His work is currently on display at African Perspectives at The Armory Show in New York.

Often painting on handmade paper that take over the spaces they inhabit, Vidal touches on Angola’s past and colonialism.

He is a founder of e-studio Luanda and was selected to represent Angola at the 56th Venice Biennale. He often does ink-portraits during his exhibits, of the visitors who come to the space.

Your work seems to take over the rooms that it inhabits, often splayed across every surface. Is there a particular reason why?

As a teenager I did a lot of graffiti and made street posters, so I suppose it is the scale which I am more familiar with composing. It is something organic that just keeps growing…

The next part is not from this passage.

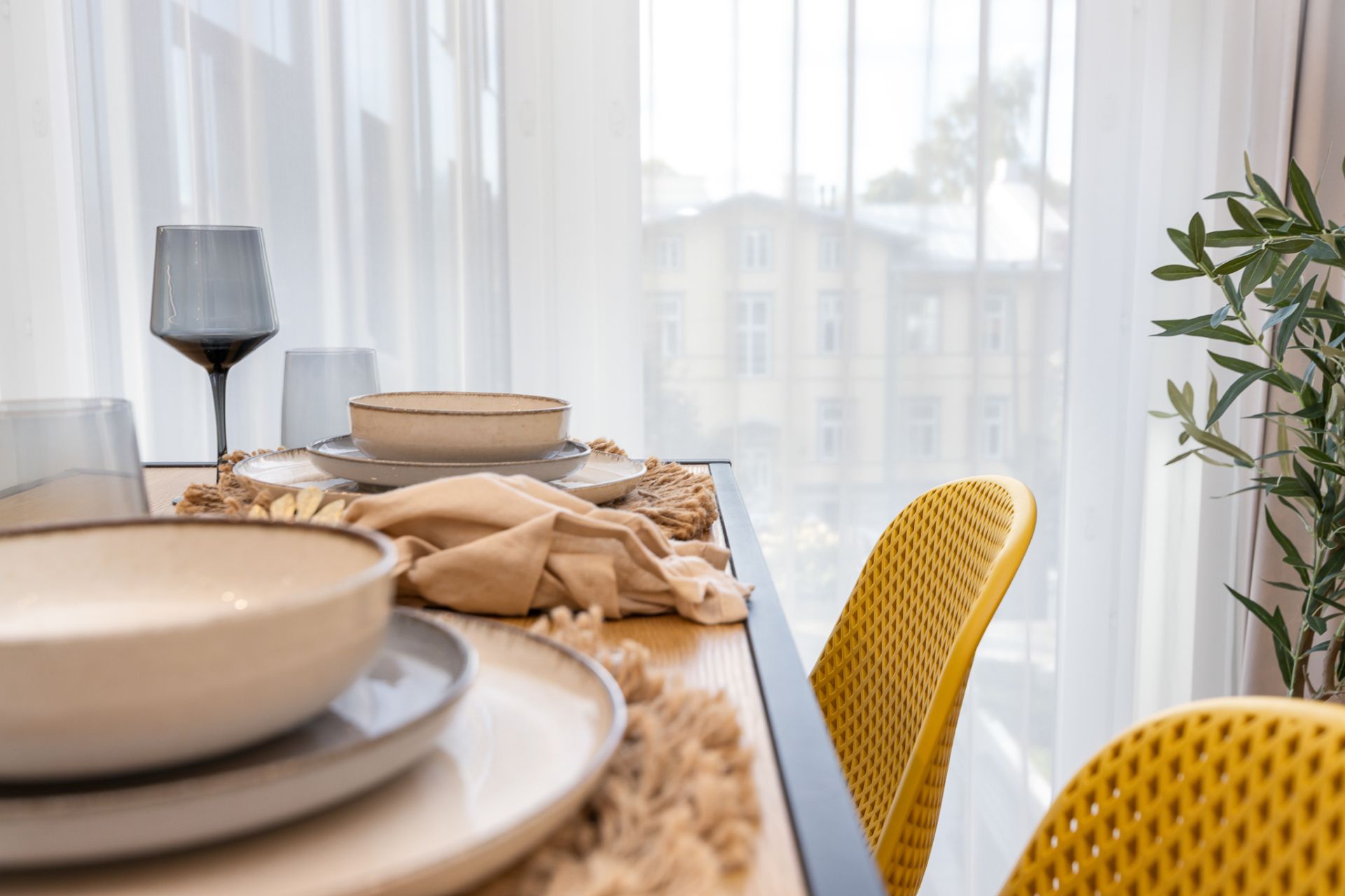 Akendest avaneb kaunis vaade renoveeritud puitarhitektuurile, rõhutades piirkonna ajaloolist ilu.

What has e-Studio Luanda been up to recently?

E-studio as a collective doesn’t exist any more. The four of us are working on the same propositions that we had in the beginning, but individually. I’m trying to get closer to educational art thinking in Luanda, which has been my intention for a long time.

What type of work are you exhibiting at The Armory Show 2016? Is the ‘Portrait Series’ a recent body of work?

Tiwani Contemporary will be showing the Portrait Series and the series of cotton flower paintings. These were produced for my exhibition ‘African Industrial Revolution’ at the gallery in July 2015, and were produced by my Utopia Luanda Machine.

I work a lot with handmade paper and am now working on different shapes of paper and on the compositions that can be made with forms other than the square.

What responsibility do you think you have as a ‘political’ artist?

For me, all art is political. All forms of expression promote free thinking and the freedom of speech. I think collectively we need to live in a poetic, and therefore political way.

In Angola there is a big discussion about the word freedom. This discussion keeps returning to the days of slavery.

As a political artist I have to promote and defend the possibility of poetry.

Today it is really interesting to think and question, because the situation we live in today is a product of all human relations we had in the past. And nothing is as bad for poetry as war, slavery or colonialism…

My position as part of the e-Studio collective was to strive for a kind of utopia, so I became a teacher and for the first time did work with younger people. As a political artist I have to promote and defend the possibility of poetry.

What are you up to next in 2016?

I want to work more with recycled paper. I also want to work with children as I have never done it before and I am sure that they will teach me more than I expect. I will start at the end of March and I’m really excited to see what will come out of it.

This project will start in the suburbs of Lisbon, close to the place where I grew up. The intention is to start there and then move the experience to different locations and different cultures.